Monday, September 3, 2012

Fluffy Cooked Flour Buttercream Frosting

Lately, the kiddies have been complaining that frosting/icing on cakes have been too sweet.  I am glad that they told me.  It explains why they only eat two bites of a store-bought cake and leave the rest for me and hubby to finish.  It is a difficult task when we go to birthday parties, and my 3 kiddies leave their barely touched cakes for me to finish! 


It was so nice to stumble across "the Perfect Cupcake Frosting and Filling" from OurBestBites. This cooked flour frosting uses considerably less sugar (1/2 cup) than conventional buttercream (about 2 cups).  I had to try it!  It is very fluffy and not too sweet.  It is best made fresh to preserve its creamy fluffiness.  If refrigerated, the butter content will solidify in the fridge, and the frosting will get firm.  It didn't bother us, as they were quickly devoured cold from the fridge without any complaints. 

A cooked paste (roux) is made from flour and milk over the stove and then cooled.

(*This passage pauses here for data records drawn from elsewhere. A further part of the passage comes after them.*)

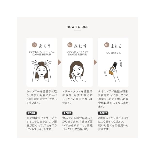 【シャンプー&トリートメント サロン級ケア方法】①髪・頭皮を予洗い後、シャンプーを手に取り、1度目の洗髪をします。②2度目はシャンプーをたっぷりと泡立て、頭皮や髪を覆うように3分間泡パック後洗い流します。③水気を軽く絞り、全体的に丁寧にトリートメントを塗布し、ご自宅にあるコーム等でまんべんなくなじませます。なじませた後は、1~2分程置いてから洗い流すと、指からすり抜けるように滑らかな仕上がりに。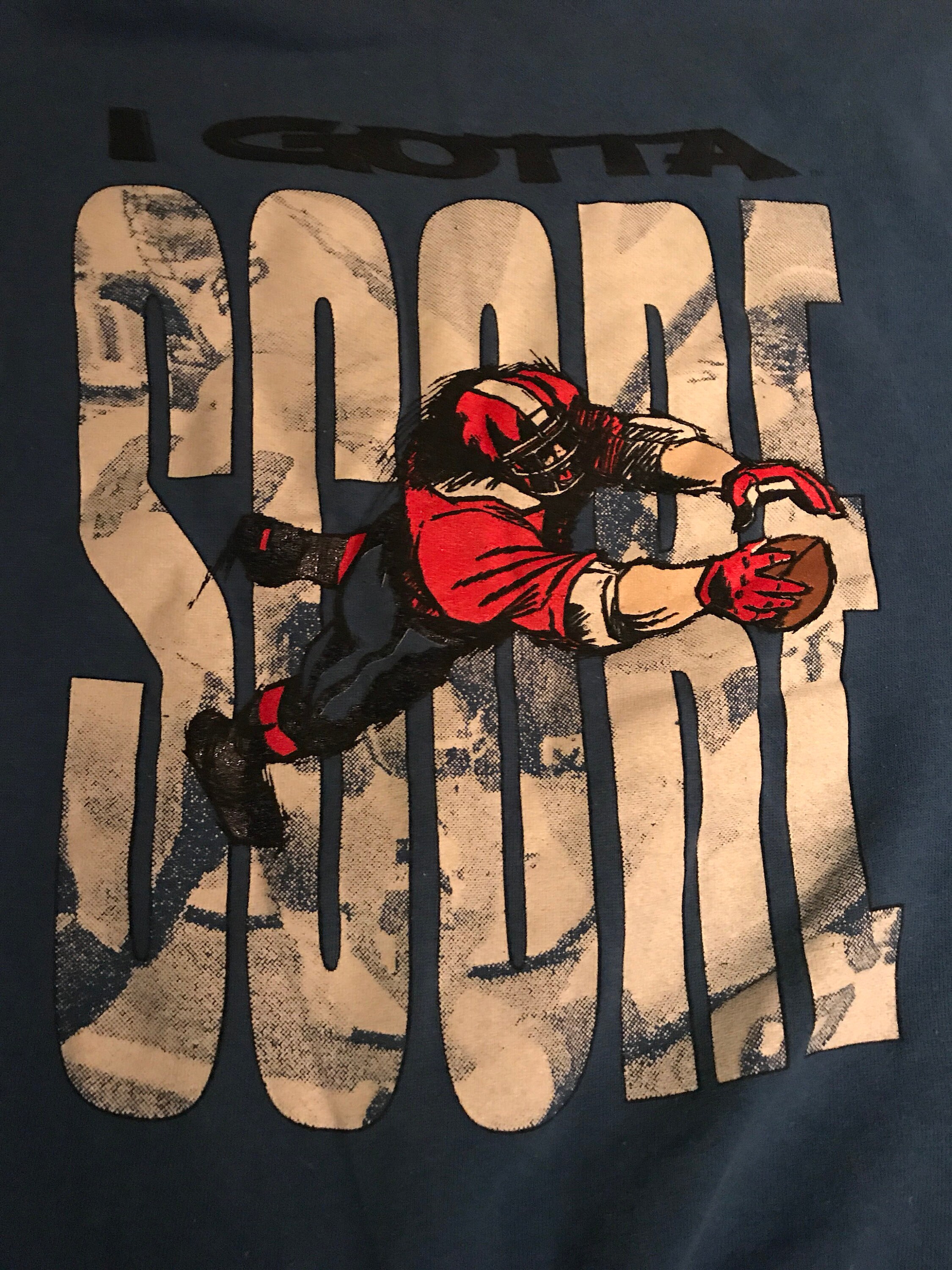 Nice vintage 90’s blue football sweatshirt. It says “I gotta SCORE” and then has a football player in mid air. It is in good vintage condition.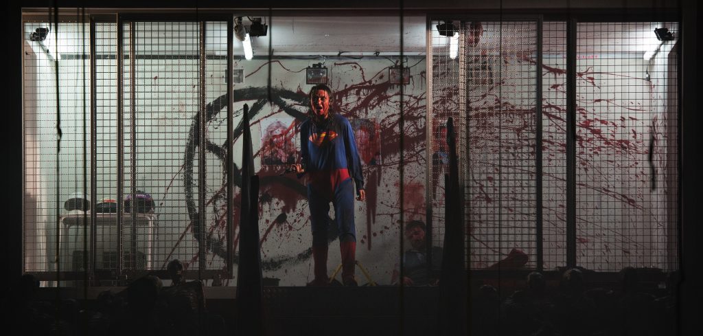 Le public ne demeure pas en reste de ce tourbillon d’événements : à l’occasion d’un pastiche de téléréalité, il sera invité à monter sur scène, devenant à part entière un acteur de cette société en déroute. Une présentatrice rousse survoltée (interprétée par la brillante Candice Bouchet) anime l’émission. Il s’agit de tuer en direct le monarque immortel, déjà bien mal en point et enfermé pour l’occasion dans une sinistre cage carrelée . Jusqu’à l’aboutissement du crime, on suivra à la caméra l’heureux candidat, retransmis sur écran géant et acclamé par une foule encensée s’agitant au rythme des derniers tubes – car, comme le déclare l’un des personnages de la pièce, à défaut de pouvoir sauver un pays, il faut le divertir.

The milk and flour was cooked over the stove over medium heat. Make sure there are no lumps.  Notice how runny it is.  


When the flour gets cooked, it becomes a thick paste.  Remove from heat and place in a bowl to cool. 


Cover the flour paste with clear plastic wrap and refrigerate to prevent the being formed on top.  Make sure it is completely cooled so the butter will not melt when it is added.   The cooled flour/milk paste is added to butter and sugar and then it is whipped for approximately 6-8 minutes until a fluffy frosting develops.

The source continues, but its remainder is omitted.